Directions:
For this exercise, repeat exactly the lines below starting at the line holding "胎压表气压表高精度带压力充气头汽车轮胎压监测器计加气枪打气嘴" and ending at the line holding "В собранном виде", both included, with no extra lines and no pictures.

Material provided:

[Start of Attachment]

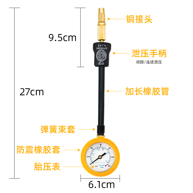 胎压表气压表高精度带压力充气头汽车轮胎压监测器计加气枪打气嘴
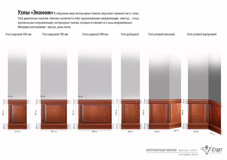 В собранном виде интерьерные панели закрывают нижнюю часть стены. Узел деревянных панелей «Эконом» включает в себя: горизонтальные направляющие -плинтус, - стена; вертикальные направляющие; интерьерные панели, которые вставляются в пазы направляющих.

[End of Attachment]
[Start of Attachment]

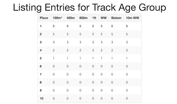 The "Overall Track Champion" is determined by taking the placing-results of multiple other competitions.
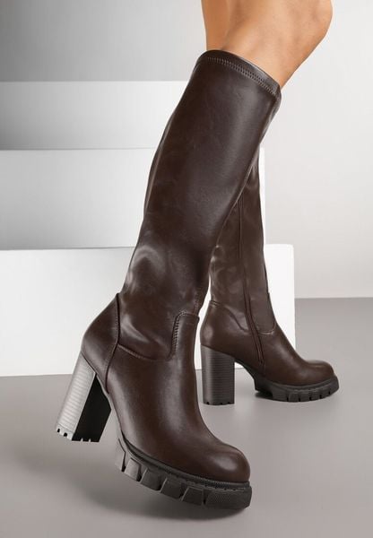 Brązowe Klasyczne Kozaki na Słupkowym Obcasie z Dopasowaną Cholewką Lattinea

[End of Attachment]
[Start of Attachment]

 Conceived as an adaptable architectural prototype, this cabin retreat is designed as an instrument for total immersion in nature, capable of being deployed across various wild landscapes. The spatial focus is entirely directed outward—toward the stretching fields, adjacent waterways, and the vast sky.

[End of Attachment]

Response to the exercise:
 胎压表气压表高精度带压力充气头汽车轮胎压监测器计加气枪打气嘴
 В собранном виде интерьерные панели закрывают нижнюю часть стены. Узел деревянных панелей «Эконом» включает в себя: горизонтальные направляющие -плинтус, - стена; вертикальные направляющие; интерьерные панели, которые вставляются в пазы направляющих.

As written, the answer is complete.